Tributes pour in for peacemaker Cardinal Cahal Daly

By staff writers
January 5, 2010

The Requiem Mass for northern Ireland's Cardinal Cahal Daly takes place today (5 January 2010) at 12.00 noon, followed by his burial in the grounds of St Patrick's Cathedral. The Cardinal, who led the Roman Catholic Church in Ireland during the sectarian violence that racked the island, and who has died aged 92, has been praised as a champion of peace and justice.

"Our country has lost one of its brightest lights and most able sons, who played a vital role in promoting reconciliation, peace and justice at a critical moment in our history," said Archbishop Sean Brady of Armagh, Daly's successor as head of the Catholic Church in Ireland, in a 1 January statement.

Thousands paid their last respects to the former Primate of All Ireland, as his body was taken from St Peter's Cathedral in Belfast to St Patrick's Cathedral in Armagh, on Monday 4 January.

In a telegram addressed to Cardinal Sean Baptist Brady, current archbishop of Armagh, Pope Benedict XVI praised "Cardinal Daly's long years of devoted pastoral service to the Church as priest, bishop and primate of All Ireland, his assistance as a member of the College of Cardinals, and especially his sustained efforts in the promotion of justice and peace in Northern Ireland".

Archbishop of Westminster Vincent Nichols also paid tribute: "Catholics in England Wales will today be mourning the death of Cardinal Cahal Daly.
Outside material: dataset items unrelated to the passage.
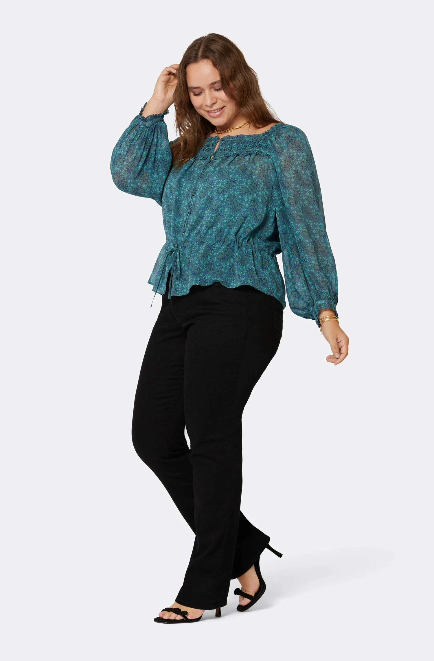The Asseline is the most lively top out there thanks to its fluid shape and rich pattern. The way this silk design sits on the body also accentuates details like the smocked square neckline, drawstring waist, and ruffled cuffs.
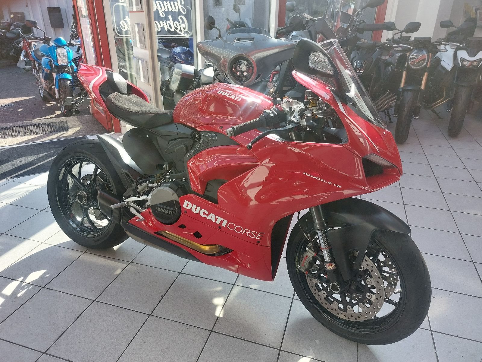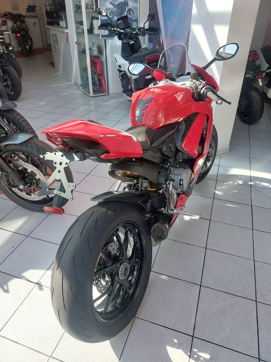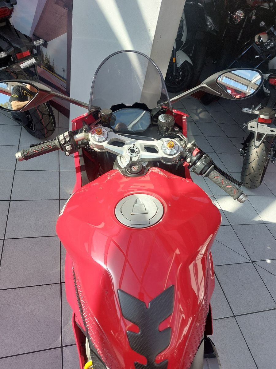 Erstzulassung 12/2019. Ducati Panigale V2, Modell 2020, Top Zustand, Öhlins Federbein, Öhlins Lenkungsdämpfer, Andreani Misano Evo Gabelumbau, Brembo Stylema Bremssättel mit 330 mm Brembo Bremsscheiben, Hauptbremszylinder der V4R montiert, Brembo Kupplungshebel, Quickshifter/Blibber, Soloheck mit Ritoma Kennzeichenhalter und Rizoma Stealth Blinkern, Hohe Racing Scheibe Ducati, Auspuffsiebblende mit Carbon, Carbon Fersenschoner, Carbon Kupplungsabdeckung, Carbon Stoßdämpferabdeckung, Stompgrip Tankschutz, Ducati Sitzbezug, Kettensatz neuwertig, dynamisches Bremslicht, Tank ist zusätzlcih mit Klarlack überzogen.
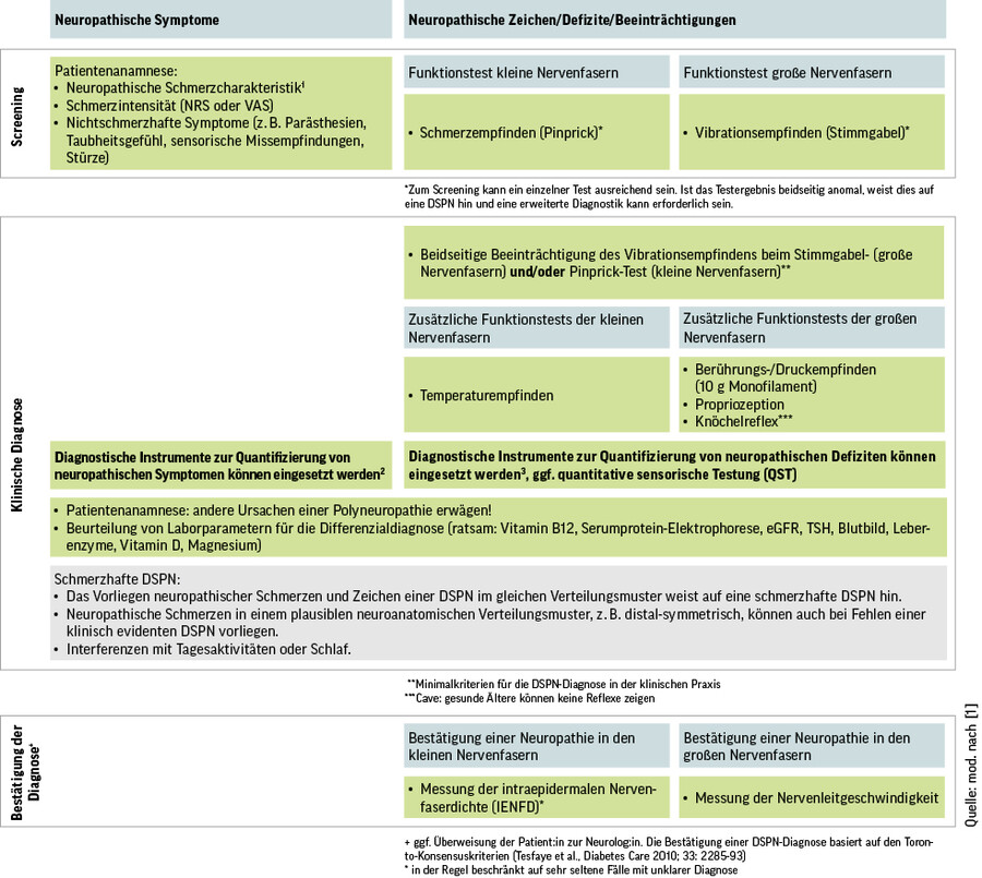 Das Expertengremium weist darauf hin, dass meist sowohl die kleinen als auch die großen Nervenfasern geschädigt sind. Deshalb sollten bei einem Screening auf DSPN geeignete Tests zur Beurteilung unterschiedlicher Nervenfasertypen eingesetzt werden (Abb. 1).

He is warmly remembered as an outstanding leader, a most kind and courteous person, a fine scholar and a man who appreciated all that is best in Irish culture. Most of all he worked tirelessly for peace in Ireland especially in the darkest years of the violence.

Daly stood strongly for justice and the human rights of the minority community in the north of Ireland, but he remained implacably opposed to the IRA and to the use of violence as a tool for resolving political disputes.

Traditional in his Catholic convictions, the cardinal was enlivened by an enquiring and penetrating intellect and a keen pastoral sense. He was also a committed ecumenist, and representatives of Protestant, other faith and civic and secular bodies have joined the tributes, both in Ireland and internationally.